Chapitre 4 : Collectivités et stratégies aéroportuaires (interactions aéroports/collectivités)

III. 1.2) La concurrence entre les territoires

III.1.2.1) La concurrence, paradigme dominant de la construction européenne et de la mondialisation

Cette montée progressive de la concurrence entre les acteurs économiques, concurrence définie comme la rivalité entre plusieurs forces poursuivant le même but326, est le résultat de l’ouverture continue et ininterrompue des frontières nationales aux échanges dans le cadre de la construction européenne et de mondialisation327. En Europe, la concurrence a été l’une des priorités parmi l’ensemble des politiques communes dès le Traité de Rome. Avec l’entrée en vigueur de l’Acte unique européen le 1 juillet 1987 qui prévoit la mise place du grand marché intérieur pour 1993, l’objectif est plus ambitieux car il s’agit d’éliminer les frontières internes de la Communauté, ce qui passe par l’abandon des frontières physiques (contrôle sur les biens et les personnes), des frontières techniques (harmonisation des normes, reconnaissance des diplômes, etc.), et des frontières fiscales (rapprochement des taux de TVA et des régimes fiscaux)328. Depuis lors, les économies des pays européens sont ouvertes à la concurrence à la fois (mais à des degrés différents), des autres pays européens et du reste du monde. Dans cet environnement où capitaux et entreprises sont devenus très mobiles, les territoires vont subir cette concurrence sans pouvoir espérer le secours du rempart étatique. Les interventions des Etats européens dans l’économie sont strictement limitées et se font sous le contrôle de la Commission. La concurrence se déroule sur quatre grands types de marché329 :

- Le marché des produits qui génère des activités de production riches en emplois et en retombées fiscales ;

- Le marché des investissements étrangers ;

- Le marché des résidants « intéressants, susceptibles de constituer un avantage économique soit par leur pouvoir d’achat propre, soit par le capital humain et le savoir- faire qu’ils apportent » ;

- Le marché des facilités et des avantages accordés par les autorités publiques (projets publics, organisation d’événements de grande envergure, aides, fiscalité, etc.) ;

Avec l’ouverture des frontières et des marchés entre les Etats européens et a fortiori avec le reste du monde après 1989, va se poser rapidement la question de la compétitivité nationale. De cette question va naître un débat riche d’enseignements.

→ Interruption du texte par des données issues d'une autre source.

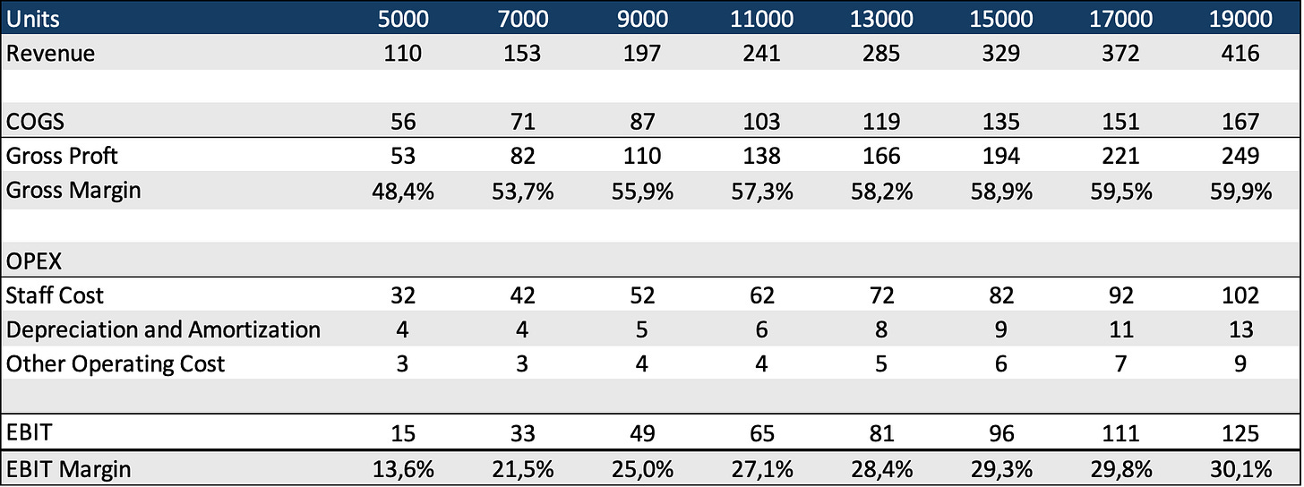 It’s impossible to forecast their exact expenses and revenue per unit in the future, but the table below provides insight into how their business model works and how margins expand as revenue increases. I have made the following assumptions: i) Fixed costs are 15M DKK and leasing cost per trailer is 7990 DKK per year, ii) revenue per unit stays at 21,900 DKK per unit, iii) staff costs increase by 10M DKK every year, and iv) D&A and other operating costs increase by 20% annually. All numbers are in millions, except for the units.

326 Le Gales P., « Villes en compétition ? », Gouvernement local et politiques urbaines, (dir.) Biarez S., Nevers

J.-Y., Cahiers du CERAT, 1993.

327 Confère les « Rounds » organisés d’abord sous l’égide du GATT dès la fin des années 40 puis de l’OMC à

partir de 1995.

328

Nous avons décrit les principales étapes de la libéralisation du secteur aérien dans le chapitre 2. Par ailleurs, la fiscalité reste une prérogative des Etats membres ce qui pose des problèmes de dumping fiscal.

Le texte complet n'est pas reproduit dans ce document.